Когда стало смеркаться и на улицу стали выходить первые Мотыльки, холодный ветер вывел юношу из состояния транса. Поняв, что он натворил, Пар попытался заговорить с Мией, но всё было бесполезно. Девочка лишь плотнее забивалась в угол и накрывала лицо подушкой. Гостиная не запиралась, поэтому Мия не могла закрыться от своего друга в другой комнате, отгородившись ещё и дверью. Но построенная между ними стена была куда толще деревянной панели.
В тот вечер Мия не реагировала ни на что: ни на извинения, ни на рассказы, ни на шутки, ни на упреки, ни на приглашения на ужин. Она превратилась в угрюмую мягкую игрушку, которую бросили под кровать и забыли о ней.

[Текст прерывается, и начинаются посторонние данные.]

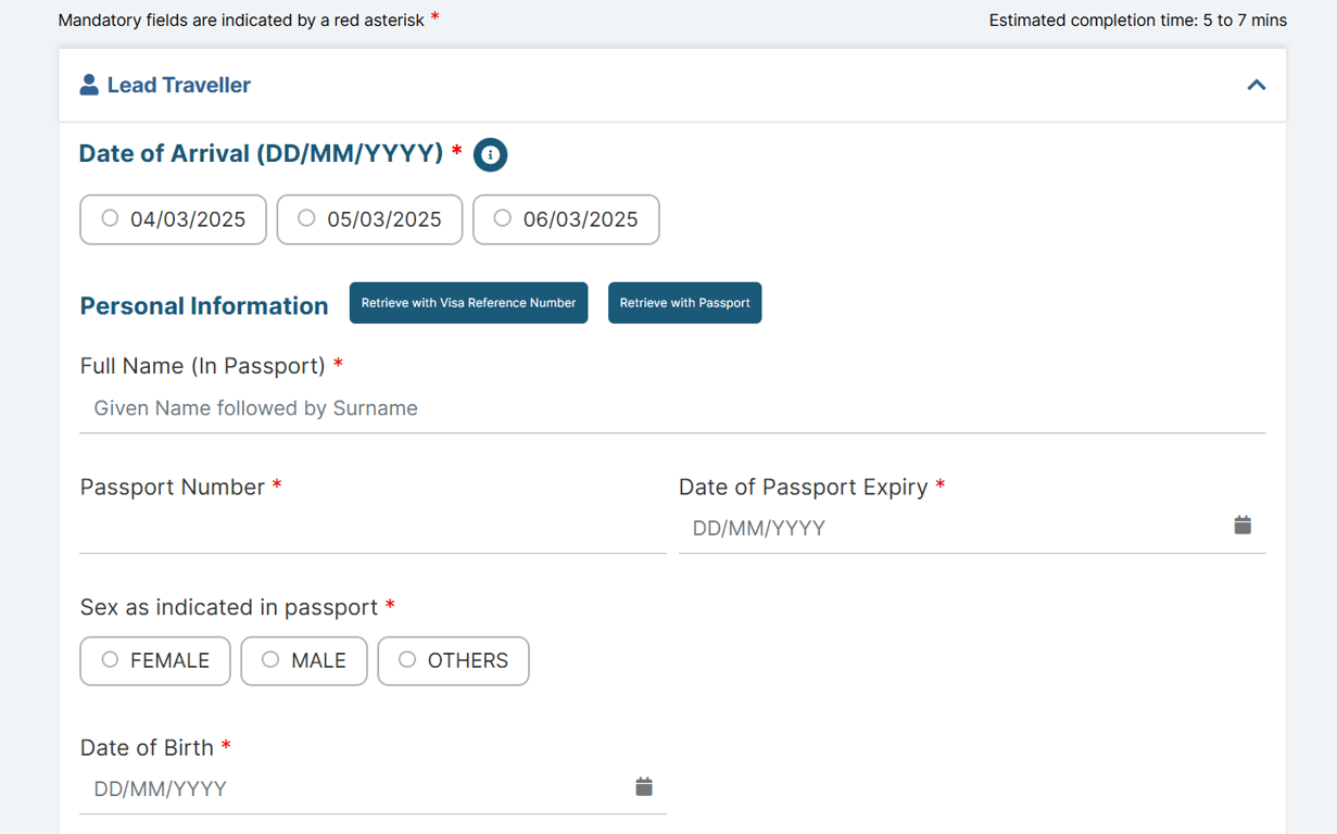 Submission Timeline: Submit within 3 days before arrival in Singapore.

Когда Пар ложился спать, он еще раз посмотрел на Мию. Её вид испугал его. В полумраке вырисовывалось каменное обездвиженное тело статуи, у которой были живые человеческие глаза. Эти глаза смотрели лишь перед собой, в одну неподвижную точку. Они были переполнены болью, обидой и отчаянием. Ни одной слезы не упало с этих глаз. Мия смотрела на толстую трещину на стене, будто пыталась заглянуть в неё, как в замочную скважину, за которой можно было найти понимание. Но нет, деревня была пуста, и за много километров вокруг не было ни тени понимания. Зато была плотная тень непонимания. Эта тень убедила себя, что утро вечера мудренее, что завтра всё пройдет и дало себе слово один день позволить подруге выспаться и не будить её так рано. Пар перевернулся на бок и забылся мёртвым сном, растворяясь среди миллионов других теней, заполнивших эту ночь.